#### DATA TO EXAMINE:
══════════════════════════════
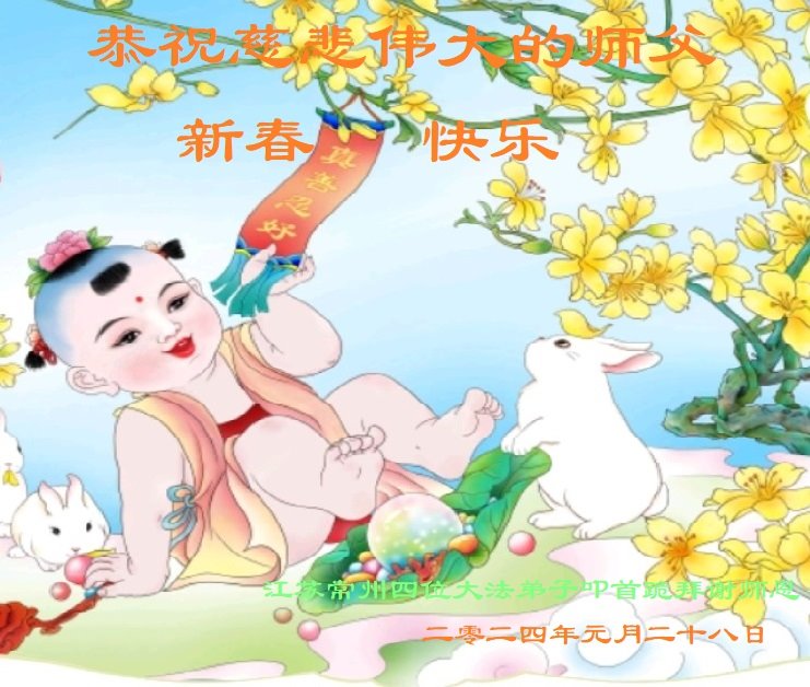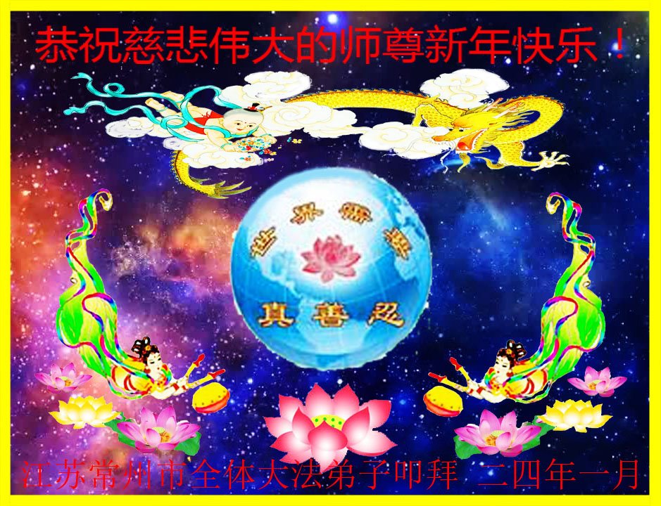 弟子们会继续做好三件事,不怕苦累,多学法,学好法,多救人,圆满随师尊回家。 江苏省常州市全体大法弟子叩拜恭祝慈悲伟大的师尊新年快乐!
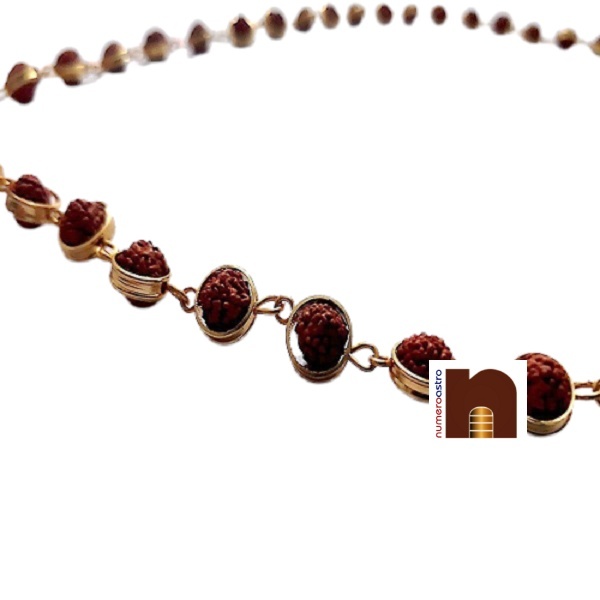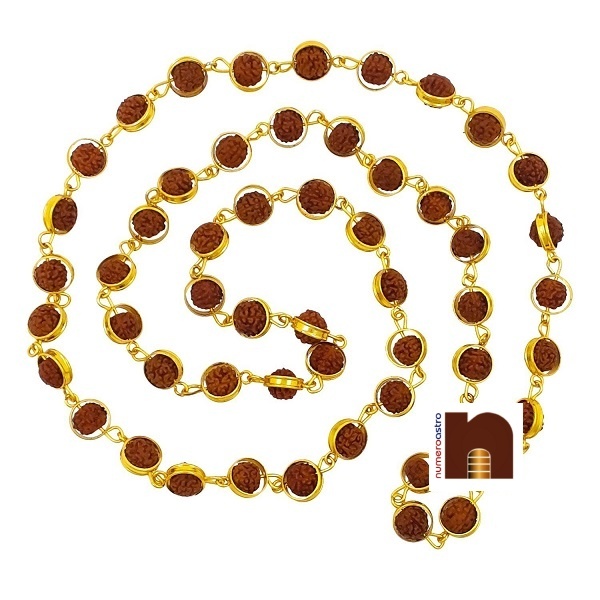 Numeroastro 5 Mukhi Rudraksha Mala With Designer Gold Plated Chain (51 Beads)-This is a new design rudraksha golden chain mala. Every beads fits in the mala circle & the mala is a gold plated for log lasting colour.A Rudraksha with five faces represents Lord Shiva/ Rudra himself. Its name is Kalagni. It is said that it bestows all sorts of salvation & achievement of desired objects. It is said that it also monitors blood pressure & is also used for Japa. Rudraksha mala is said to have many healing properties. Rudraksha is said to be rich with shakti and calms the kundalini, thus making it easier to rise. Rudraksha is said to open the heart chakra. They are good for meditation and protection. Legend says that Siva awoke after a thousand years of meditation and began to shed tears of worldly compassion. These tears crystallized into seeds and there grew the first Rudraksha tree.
══════════════════════════════
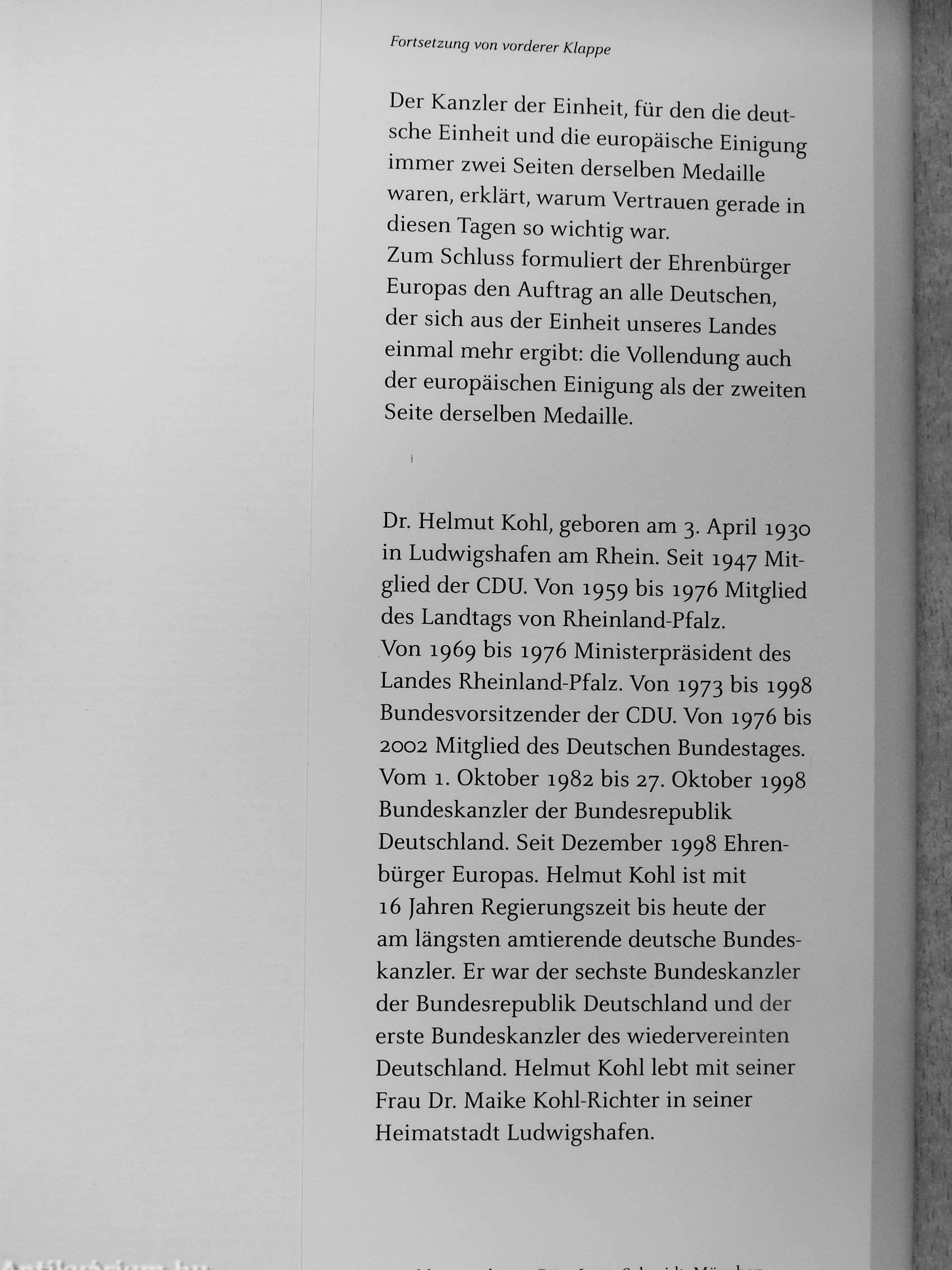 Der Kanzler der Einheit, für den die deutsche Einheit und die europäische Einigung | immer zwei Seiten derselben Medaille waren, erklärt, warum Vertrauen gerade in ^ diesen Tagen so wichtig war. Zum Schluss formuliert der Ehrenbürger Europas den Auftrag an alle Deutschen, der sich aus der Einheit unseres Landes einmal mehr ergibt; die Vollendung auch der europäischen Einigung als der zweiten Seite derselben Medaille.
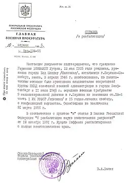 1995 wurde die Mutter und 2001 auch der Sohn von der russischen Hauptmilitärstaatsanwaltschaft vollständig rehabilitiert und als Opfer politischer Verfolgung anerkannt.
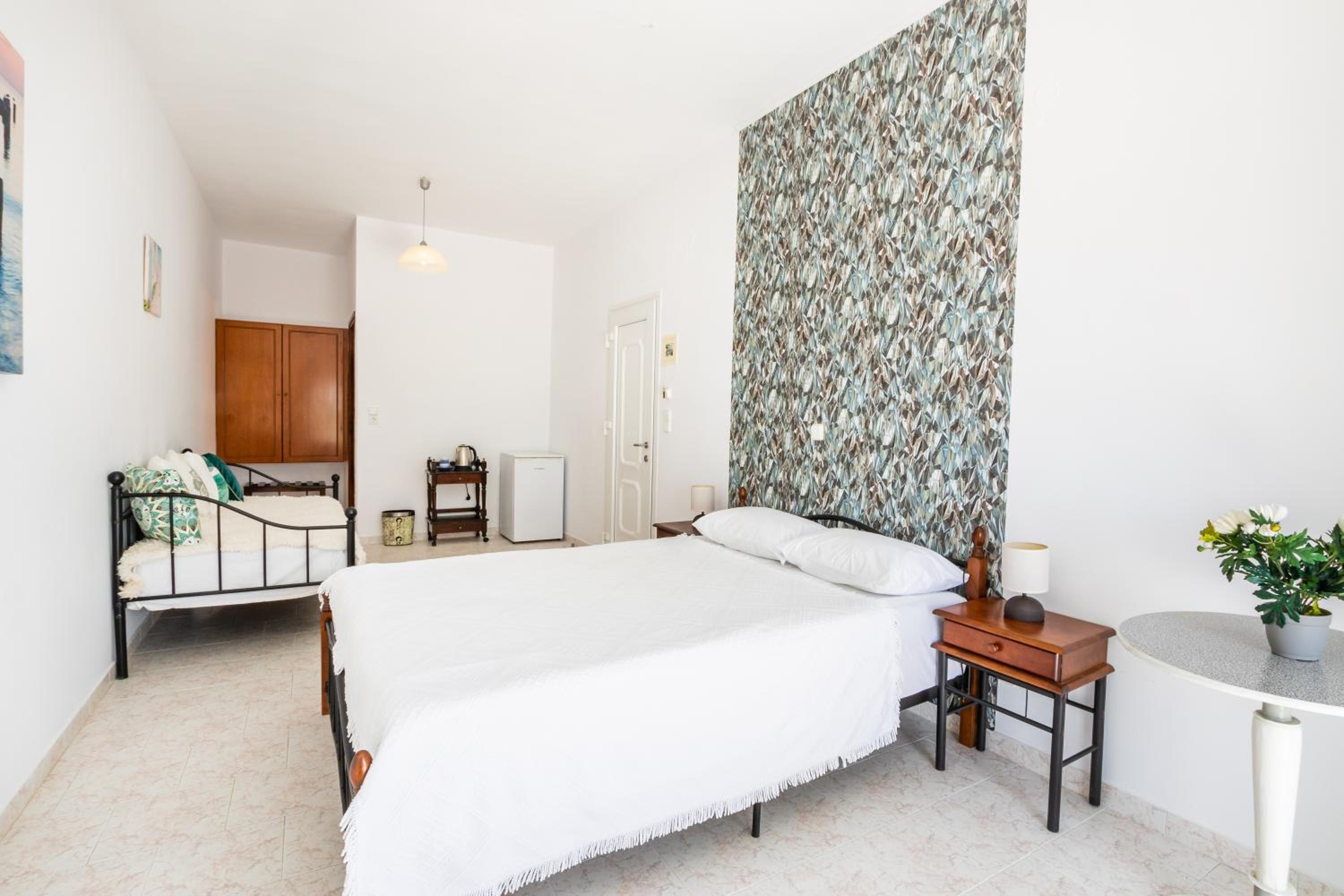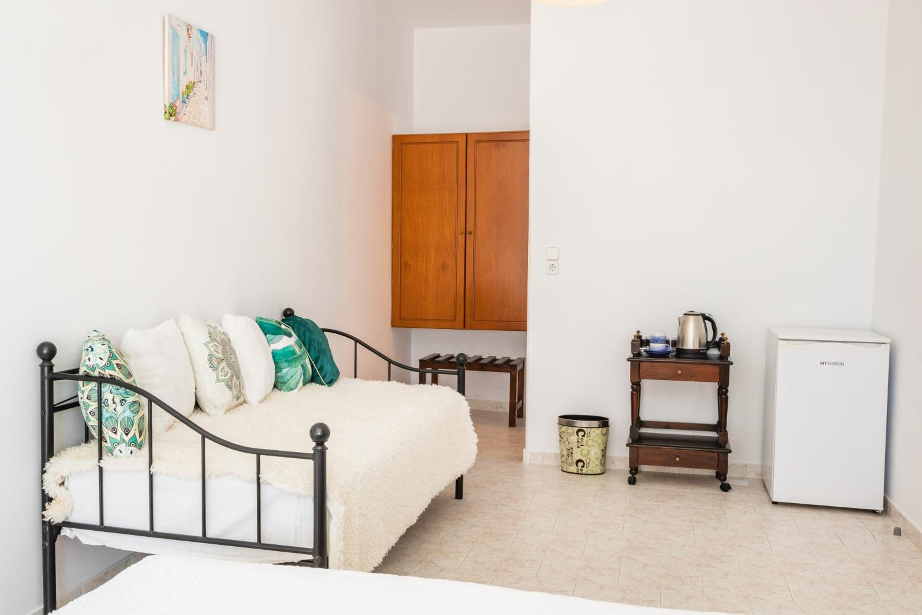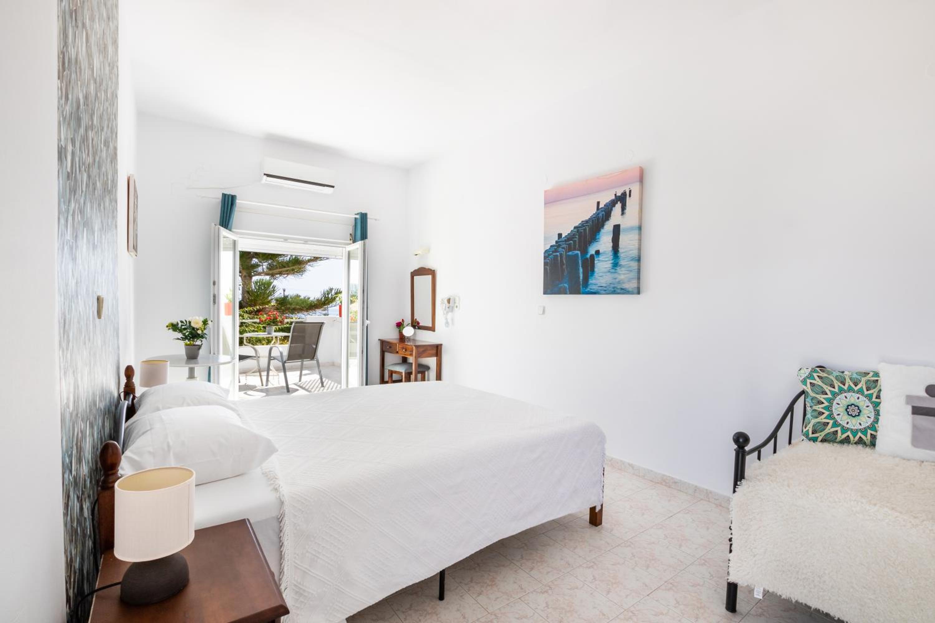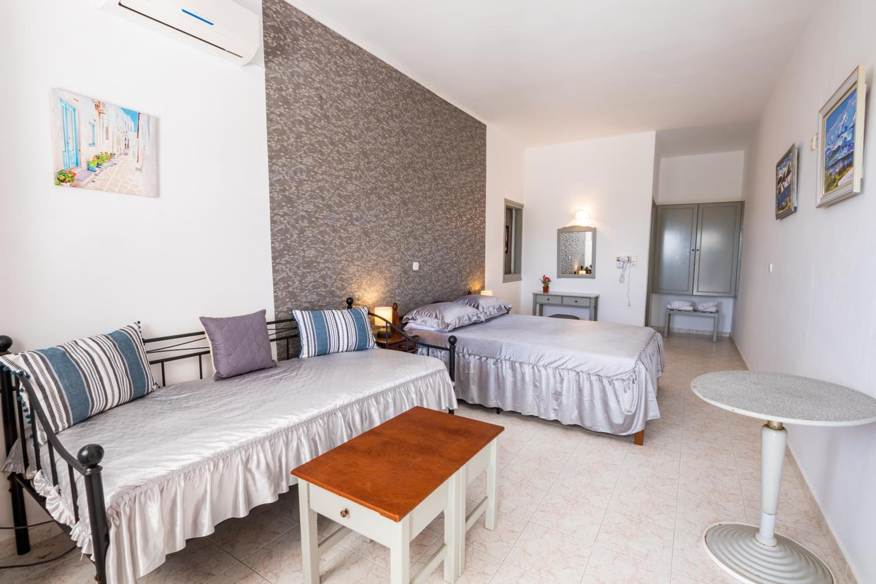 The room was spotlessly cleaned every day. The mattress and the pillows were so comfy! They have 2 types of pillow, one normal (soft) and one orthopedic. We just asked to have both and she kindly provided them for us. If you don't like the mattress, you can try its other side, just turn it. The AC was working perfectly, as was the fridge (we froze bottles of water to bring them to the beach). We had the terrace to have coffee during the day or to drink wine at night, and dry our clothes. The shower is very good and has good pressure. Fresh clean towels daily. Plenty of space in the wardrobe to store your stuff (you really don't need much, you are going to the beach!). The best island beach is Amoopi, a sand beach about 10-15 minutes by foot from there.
══════════════════════════════
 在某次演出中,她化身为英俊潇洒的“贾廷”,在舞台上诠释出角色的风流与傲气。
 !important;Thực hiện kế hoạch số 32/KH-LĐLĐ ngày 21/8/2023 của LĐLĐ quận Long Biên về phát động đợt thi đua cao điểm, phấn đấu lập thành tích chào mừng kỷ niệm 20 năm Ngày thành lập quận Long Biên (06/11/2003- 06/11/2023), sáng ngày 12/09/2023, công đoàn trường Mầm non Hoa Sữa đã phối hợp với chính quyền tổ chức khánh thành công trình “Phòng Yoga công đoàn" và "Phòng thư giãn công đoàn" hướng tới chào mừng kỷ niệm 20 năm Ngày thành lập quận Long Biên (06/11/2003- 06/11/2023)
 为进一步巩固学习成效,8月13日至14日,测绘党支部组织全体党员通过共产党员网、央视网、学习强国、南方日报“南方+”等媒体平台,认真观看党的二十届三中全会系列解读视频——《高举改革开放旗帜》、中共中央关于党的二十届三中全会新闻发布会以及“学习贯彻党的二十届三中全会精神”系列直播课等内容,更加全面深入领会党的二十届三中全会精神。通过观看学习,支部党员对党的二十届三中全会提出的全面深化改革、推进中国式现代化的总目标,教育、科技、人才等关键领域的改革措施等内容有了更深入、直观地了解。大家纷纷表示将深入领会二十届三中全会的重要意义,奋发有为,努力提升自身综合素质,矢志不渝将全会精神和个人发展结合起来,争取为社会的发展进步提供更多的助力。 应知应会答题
══════════════════════════════
#### TASK OBJECTIVE:
Starting with the line above that holds "1995 wurde die", restate each line word for word up to and including the line that holds "The room was". Drop the pictures.

#### RESULT BELOW:
 1995 wurde die Mutter und 2001 auch der Sohn von der russischen Hauptmilitärstaatsanwaltschaft vollständig rehabilitiert und als Opfer politischer Verfolgung anerkannt.
 The room was spotlessly cleaned every day. The mattress and the pillows were so comfy! They have 2 types of pillow, one normal (soft) and one orthopedic. We just asked to have both and she kindly provided them for us. If you don't like the mattress, you can try its other side, just turn it. The AC was working perfectly, as was the fridge (we froze bottles of water to bring them to the beach). We had the terrace to have coffee during the day or to drink wine at night, and dry our clothes. The shower is very good and has good pressure. Fresh clean towels daily. Plenty of space in the wardrobe to store your stuff (you really don't need much, you are going to the beach!). The best island beach is Amoopi, a sand beach about 10-15 minutes by foot from there.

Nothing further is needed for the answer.